Post-September 11, 2001, after the Twin Towers fell, so too did our moral compass. Americans do not believe that Human Rights must be honored. That is unless, the person in question is a United States citizen.
On the afternoon of 9/11 Americans embraced any policy they thought would keep them safe. Congress signed the Patriot Act into law. From then on, people who disagreed with the Bush Administration were watched. Those that had no quarrel with White House policies were jailed. A dark skinned person with an accent unlike the one commonly accepted as native, was thought to be a terrorist. Telephone and wiretaps were considered necessary. Individuals willingly removed their shoes and permitted them selves to be the subject of body searches. Fear flourished and remains intact. For Americans, some shadowy authority will take control and keep us safe. Hope does not remain eternal. It no longer exists.
Citizens in this country cannot see the light. They have slipped into the deepest crevices of cruelty. Even when Americans know they are about to commit a crime against humanity, they do not stop themselves. When in dire straits people perform as directed.
Filmmaker Alex Gibney, whose father, Frank Gibney, an interrogator of Japanese prisoners in World War II helped his son to feel the pain of a person ordered to torture another living being. As the Director's dying-Dad, who asked to be unhooked from his oxygen machine so that he might speak out against the Bush Administration's policies said so forcefully, "It's got to stop!"
The words of an adamant father barely able to breathe, helped to inspire his son's endeavor. As film reviewer, Kenneth Turan, of the Los Angeles Times writes, "[This] significant film shows why he [Alex Gibney] cares so passionately and why we should as well."
I invite you, dear reader to reflect on the situation and read this dynamic review of the movie . . .
'Taxi to the Dark Side'
The new documentary looks at torture's effects on victims and perpetrators.
By Kenneth Turan
Los Angeles Times
January 18, 2008GIVEN its subject matter, and its title, you'd expect Alex Gibney's "Taxi to the Dark Side" to be profoundly disturbing and shocking, and it is. But not always in the ways you'd expect.

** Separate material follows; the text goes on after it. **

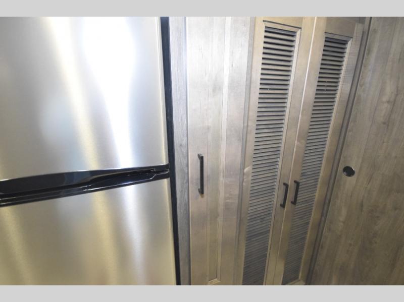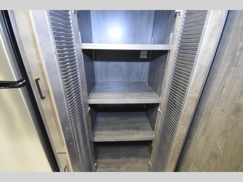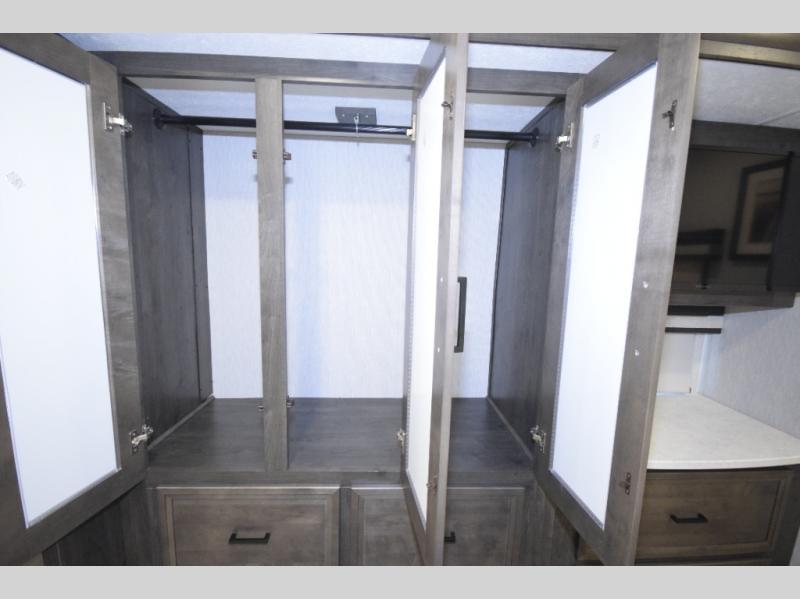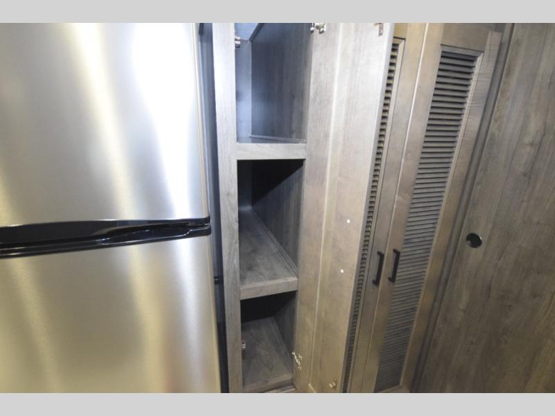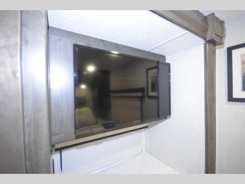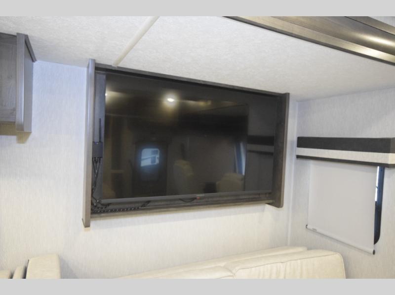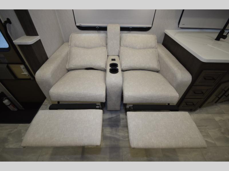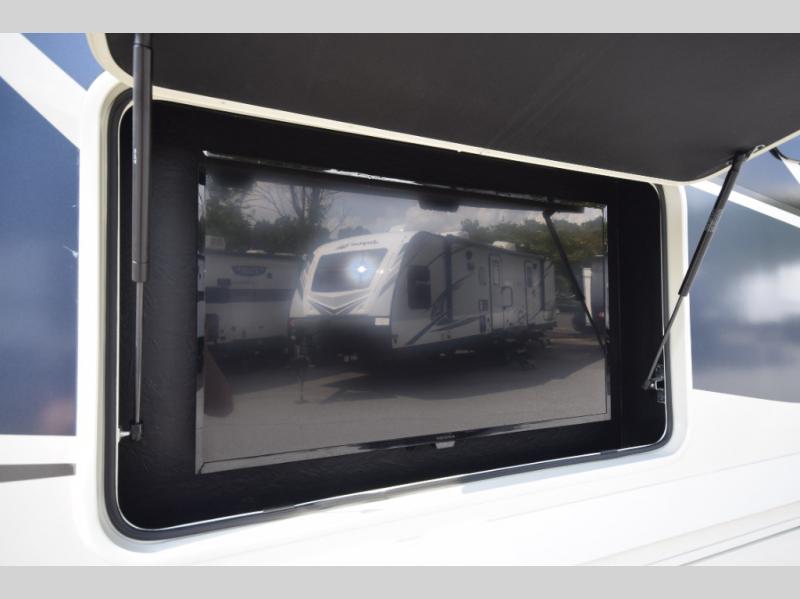 Thanks to the full-wall slide, the interior opens up to reveal an expansive living area where you and your crew can relax, dine, or entertain. Enjoy a movie night on the 50" LCD TV, kick back in the theater seating, or lounge on the sofa bed—perfect for extra guests. When the sun’s out, take the fun outdoors and catch the game on the exterior LED TV under the 20' power awning.

A meticulous examination of the Bush administration's embracing of torture as a weapon of choice in the war against terrorism by the director of "Enron: The Smartest Guys in the Room," "Taxi" is impressive enough to have taken the best documentary prize at the Tribeca Film Festival and to be a likely finalist for the documentary Oscar when the contenders are announced next week.
Because torture is its raison d'être, it's a given that "Taxi" is difficult to take at times. There are pictures from Abu Ghraib too appalling for family newspapers, upsetting videos, and unblinking photographs of men who died in U.S. custody.
Yet, what is most distressing about "Taxi" is not physical acts but psychological ones. What is really appalling is how readily torture was embraced by officials as an absolute necessity and how easy it was for soldiers to, in the words of one, "lose your moral bearings" and become a party to atrocity.
For though the official line out of Washington is still "we do not torture," it's impossible to watch this film -- and hear testimony not just from soldiers but also veteran FBI men and former Bush administration officials -- without coming to understand that torture is exactly what we are engaged in.
"Taxi to the Dark Side's" title has concrete origins. Writer-director Gibney has loosely structured his film around the suspicious death of an Afghani taxi driver named Dilawar. This young man took three passengers on a trip on Dec. 1, 2002, and never returned.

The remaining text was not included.